So we have found particularly, you know, in West Louisville and in parts of Appalachia and certain clusters throughout, certainly even the state of Kentucky in general.
Kentucky has the second highest rate of colon cancer in the country, really, and we have a really good screening rates.
Our patients are getting screened at that 70 percentile, which is the national average.
So it's not that people aren't getting tested, and they have these polyps that grow and they find that at the last minute we just have higher, higher cancer rates.
And on top of that, in certain areas like you're discussing, the rates are even higher.
So at least in urban Louisville, where we have found kind of west Louisville has a much higher incidence.
We have found that some of the ambient exposures to toxins or things that are in the air, they're at higher levels.
In our Louisville Metro EPA report, we have measured it in the wastewater and it's higher in there.
And then we have ongoing studies where we've been able to also identify these patients in blood or urine of patients that have colon cancer.
So we haven't really nailed down exactly what it is.
The other theory that's out there nationally is also like kind of what your mother may have been exposed to, so that it's what you were exposed to in utero while you were developing baby.
That may have also contributed to it.
And I think that, you know, as time goes on, we're that's the the exposome or the environment that that is around you is a factor that I think nobody really took into account.
But we're going to have to start paying attention.
>> Who's the typical patient?
Is there a typical age group sex that has developing colon rectal cancer, and how has that changing?
>> I think in general, it used to be 50, 60 year olds, you know, just a function of age and having more time to develop these mutations or these polyps is what we used to screen for.
As you had alluded to in the beginning of the episode, that is markedly decreased to a much that population, actually, their incidence of colon cancer is decreasing and alarmingly and younger people that it's almost a public health crisis at this point.
Colon cancer is now the leading cause of cancer death in men under the age of 50.
>> Really.
>> And it's the leading cause of cancer death in women under the age of 53rd leading cause under the age of 50.
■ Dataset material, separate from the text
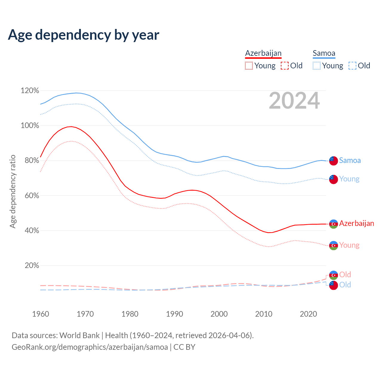 - The share of old-age demographic (65+) in Azerbaijan is 8.56% vs 5.88% in Samoa.

So I think that, you know, it's every opportunity for research and grant funding and everything that the NIH is after is after trying to figure out this early onset colon cancer.
So honestly, it's mostly I think the risk is higher in men that are under the age of 50, more so than women.
A lot of the studies that are out there will show, you know, obese males or smoking male like it really.
They really seem to hit harder on the male population.
It's not to say I haven't seen women that are early onset colon cancer, but it is.
Men are slightly more affected.
Certainly the African American population is also more affected.
I think they're considering dropping the screening rate specifically for African American males, but they haven't made that move yet.
And those are the kinds of, you know, we really are at a race to sort of see how early do we screen.
And, you know, the guidelines can only change so many so often.
>> Yeah.
Any particular things that might explain why we're seeing young people?
>> I think that those modifiable risk factors that we had talked about are actually seem to be, in my mind, kind of more present in that in that age group, the sedentary lifestyle, maybe not so much.
You know, we aren't walking and biking as much as we did in the 60s or 70s, but I wouldn't blame it all on that.
I think the obesity rates really the speak to us as far as what's going on in the country, the amount of DoorDash and Uber Eats and like the just the convenience of being able to eat out more that that that generation basically between 15 and 40, actually get 40% of their weekly calories from ordering out DoorDash and UberEats.
And that's the generation that will pay for convenience.
Right?
And they grew up tech savvy, and it's easy for them to pull it up on their phone.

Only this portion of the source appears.